Ø Faut-il saboter le travail en tout point remarquable des commissions de terminologie – québécoises tout particulièrement – qui œuvrent sans relâche dans le sens d’une reformulation en français de vocables anglais indécemment inutiles ? Nos chers politiciens romands – qui donnent d’eux-mêmes cette image débilitante et infériorisante de bons petits serviteurs avides de recevoir leur récompense pour une automutilation menée avec brio d’ailleurs - n’ont visiblement pas la moindre idée de l’existence de ces organismes, enserrés qu’ils sont dans des poncifs qui ont manifestement la vie dure.

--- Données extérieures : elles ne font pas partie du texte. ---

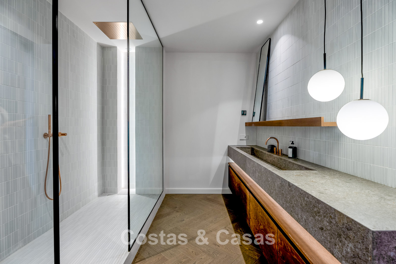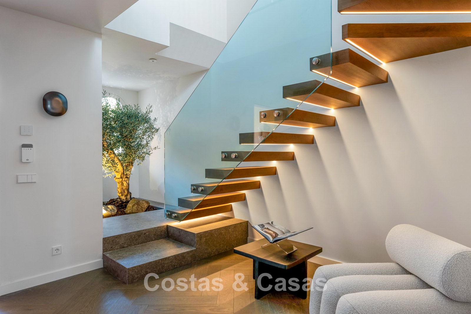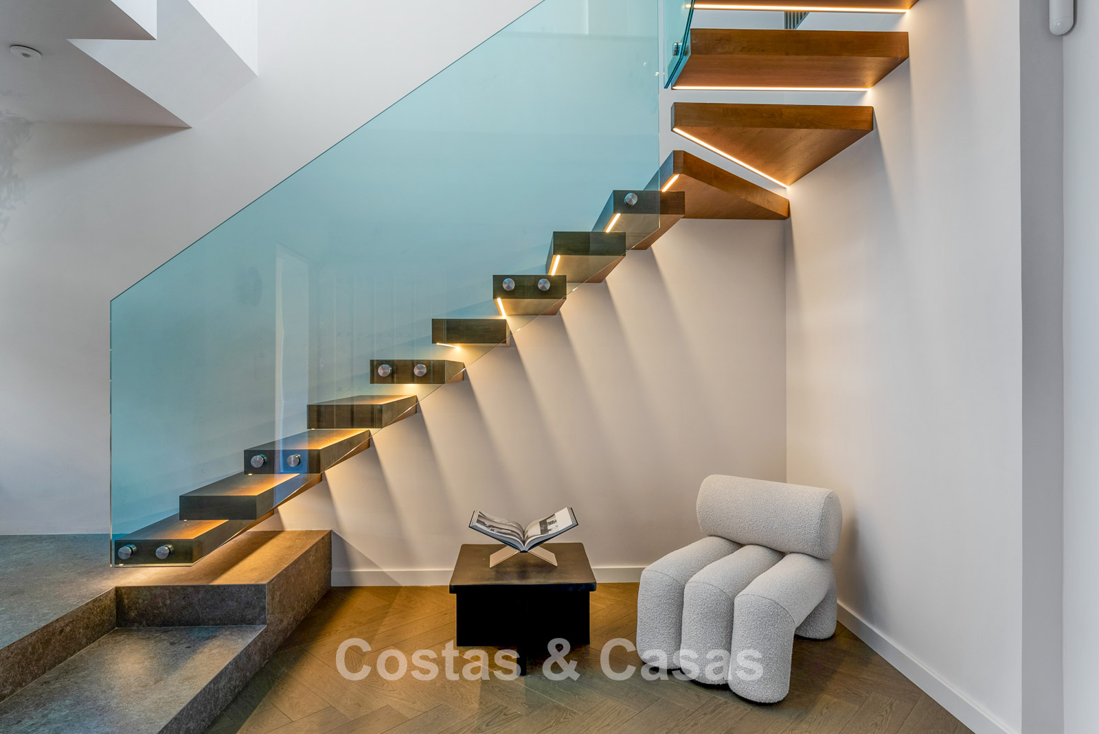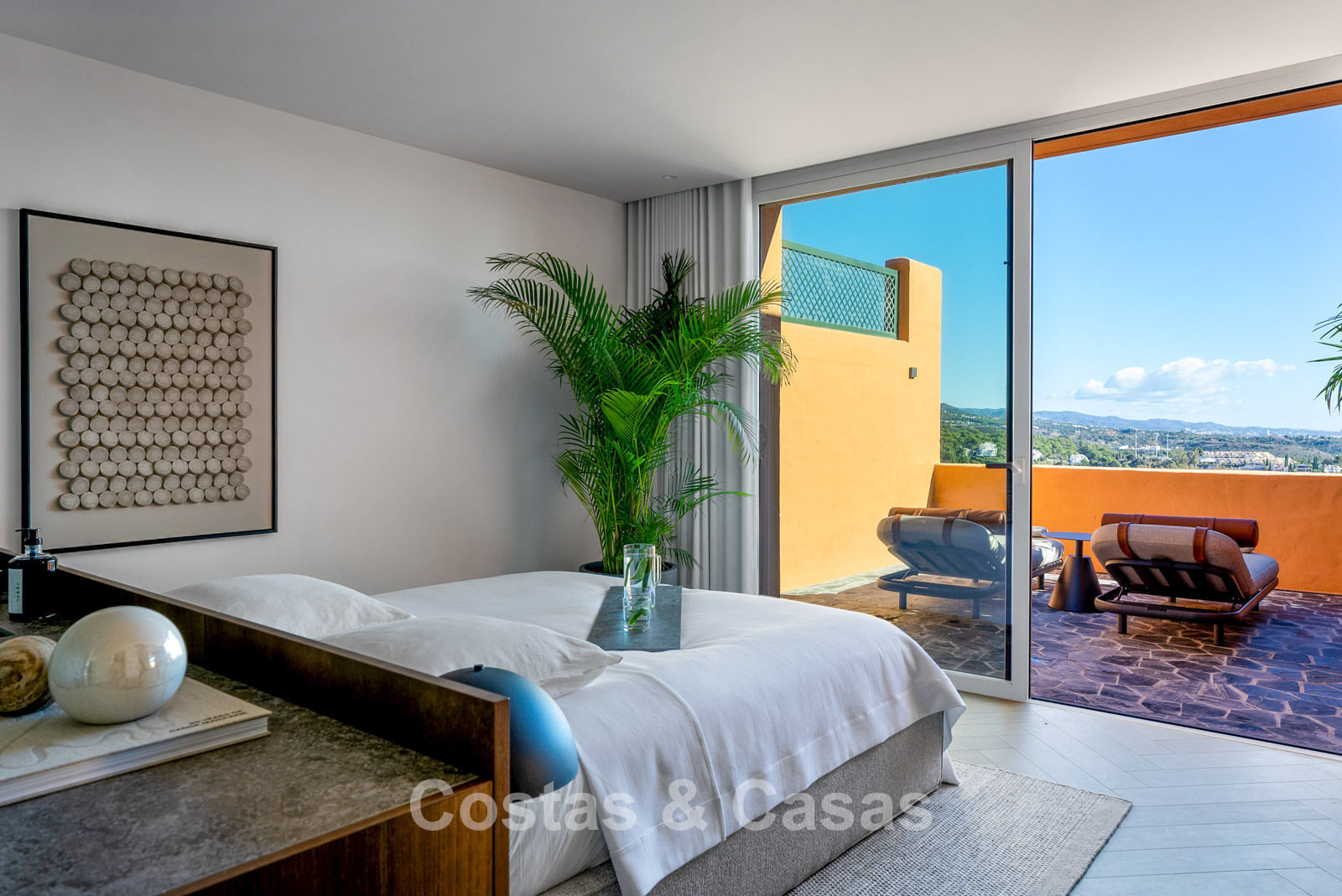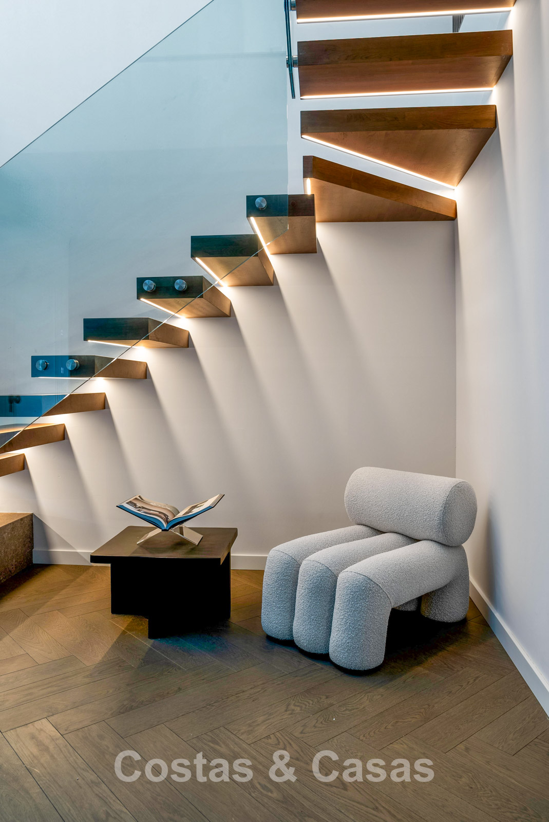 Spacieux penthouse en duplex dans un complexe à l'architecture méditerranéenne contemporaine. Entièrement rénové aux normes les plus élevées, avec un oeil pour le luxe, le confort et le raffinement. Utilisant des matériaux de qualité, notamment de la pierre, des menuiseries en chêne foncé et des tuiles nervurées. Orienté plein sud. Vue sur la mer Méditerranée et le paysage montagneux. La vaste terrasse principale, avec une partie couverte, sera équipée d'une cuisine extérieure et d'un espace détente. L'intérieur respire le luxe moderne et le minimalisme, avec une forte concentration sur des lignes épurées, des matériaux naturels et une palette de couleurs chaudes et neutres. De hautes fenêtres coulissantes offrent un intérieur aéré et très lumineux. Espace de vie ouvert avec un salon TV élégant avec cheminée. La cuisine personnalisée a un style minimaliste moderne et luxueux avec des accents chaleureux et naturels. Espace repas intégré. Un escalier flottant avec des rampes monte à l'étage supérieur. 4 chambres, 4 salles de bains et une toilette séparée. La suite parentale dispose d'une salle de bain ouverte, d'un dressing et d'un accès à une élégante terrasse privée. Un espace entièrement dédié à la détente sera équipé d'un home cinéma et d'un bar à vin design. Parquets en structure à chevrons. Buanderie. Débarras. Garage intérieur pour 1 voiture.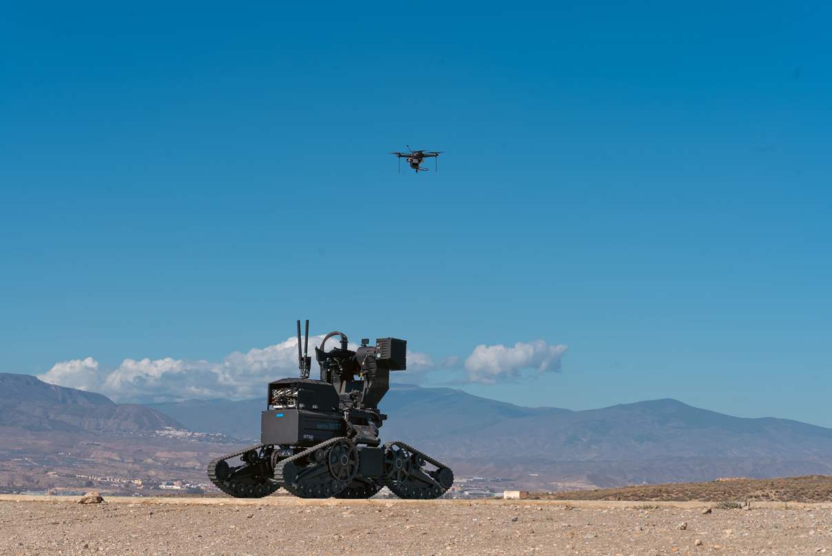 Además, durante el ejercicio, el UGV contó con el apoyo de un dron como relé de comunicaciones, lo que permitió al operador controlar el robot desde una mayor distancia al contar con un mayor campo de visión.
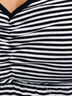 Отличная туника из тонкого эластичного трикотажа в полоску. Окантовка V-образного выреза горловины и пройм переходит в бретели. Отрезной лиф, полочка присборена на резинку. Великолепный вариант для тех, кто ценит комфорт и качество.

J’accuse l’Exécutif lausannois de vouloir « bâillonner » le français lors de réunions internationales d’entreprises sur le territoire de la commune, invoquant, pour se dédouaner, la sacro-sainte « liberté économique » alors que cette dernière n’a de cesse de ravaler les consciences au niveau de la seule pensée unique, asphyxiant ce qui reste de culture comme on achèverait un chien accusé injustement d’avoir la rage.

Ø Cette sinistre supercherie exprime dans toute sa splendeur un profond dégoût de son patrimoine, une haine de soi et de sa langue », ce même sentiment que la tribu celte des Eduens devait éprouver en se jetant corps et âme dans les griffes du grand maître romain de l’époque.

Ø De plus, le mépris de cette réalité implique de sérieux préjudices d’ordre économique parce que tout renforcement de la diffusion d’une langue entraîne indiscutablement un renforcement parallèle de l’économie. Et qui est seulement disposé à l’entendre ?

Sûrement pas une classe politique francophone trop désireuse de ne pas se démarquer d’une idéologie anglo-saxonne dominante dont elle parachève - et avec quelle fougue - les visées hégémoniques de compactage culturel et humain, ce qui n’est rien d’autre qu’une nouvelle « trahison des clercs » parfaitement consommée.

J’accuse notre élu d’insinuer, toujours avec ce même ton condescendant, que « la langue française ne cesse d’évoluer et de se métisser » alors que c’est justement tout le contraire dont il s’agit, à savoir que le français cesse bel et bien d’évoluer à cause précisément de ces mots saxons « précuits », employés exclusivement et brutalement en lieu et place de vocables français existants…

Ø Qui peut encore ignorer que le français n’a plus le temps d’« usiner » des wagons entiers de ces « anglaiseries » absolument inutiles et imprononçables, que les dictionnaires s’empressent pourtant d’adopter sans le moindre discernement et que le premier quidam venu « engloutit »  comme du bon pain bénit sans en comprendre le moindre sens ?

Ø Quand va-t-on saisir en haut lieu qu’il serait enfin temps de réinventer en français en puisant dans une langue française qui jouit d’un répertoire lexical aux nuances à couper le souffle, véritable mine d’or qui laisse l’anglo-américain à des lieues à la traîne dans tous les registres ? (Cf. mes considérations)

Ø Quand les responsables des ministères romands de la Culture vont-ils prévoir des cours de langue franglais-français et ce glossaire pourtant si indispensable franglais-français à l’intention d’une bonne partie de la population romande – jeunes et aînés – déjà au bord de l’illettrisme, et qui patauge sans le moindre repère dans un bourbier langagier indescriptible ?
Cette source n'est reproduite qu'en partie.